I did, however, become frightened.  Not because I thought that I was engaged in witnessing paranormal activity, but rather, because I thought that someone had purchased this property and had occupied it, and I was about to get caught trespassing and vandalizing their property.

I stopped, backed up, and peeked into the garage.  It was empty.  No car.  No smoke.  No Eric Bloom.

I’m pretty sure I know what you’re thinking.  Cars don’t have souls.  Cars don’t have spirits.  Cars don’t leave their ghosts behind when they go to the junkyard.

I know.

I didn’t understand anything about what I’d seen.  All I knew was that I had to get the hell out of there… so I got the hell out of there.  I never went back.

Maybe six months passed, maybe a year. Then, a story about a man who had once lived on the property containing the barn had been brought up by a friend as we played video games on his Commodore 64 computer.  Apparently this man had committed suicide sometime in the 1960’s by asphyxiating himself in a running car in the garage portion of the barn.
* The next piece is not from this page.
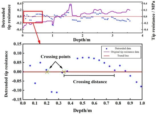 The value after detrending ranges from −1 to 1. The crossing point and crossing distance are shown in Figure 6; the scale of the fluctuation-normalized coefficient of coefficient variation (COV) is defined as SNC, which will indicate the variety of the soil layers. Furthermore, the area of one side of the trendline will indicate the value of the scale of fluctuation (SF), which represents the variety of the soil layers. Although the cone penetration test method suffers a measurement error [30] when the soil layer thickness is small, the influence of the layer thickness on the variability is not significant. Therefore, the error of the cone penetration test in the case of a minimal-thickness soil layer is ignored in this paper.

My friend’s older brother had discovered the man the morning after his death.  That brother was now a grown man with a family of his own, living miles away.

“Was it a blue Volkswagen,” I asked.

“I dunno.”

“Would your mom know?”

“Maybe.”  He called to his mom in the living room.  A few moments later, she appeared in the doorway.

“What kind of car did Mr. ________ have when he, you know…”  I’m paraphrasing.  I’m not sure how he asked this question.

“Why, a Volkswagen Beetle,” his mother answered.

When pressed for the color, she described it as “powder blue.”

So there you go.  Either you’re creeped out or I’ve just destroyed my credibility with you.

Either way, I think it’s a pretty good story.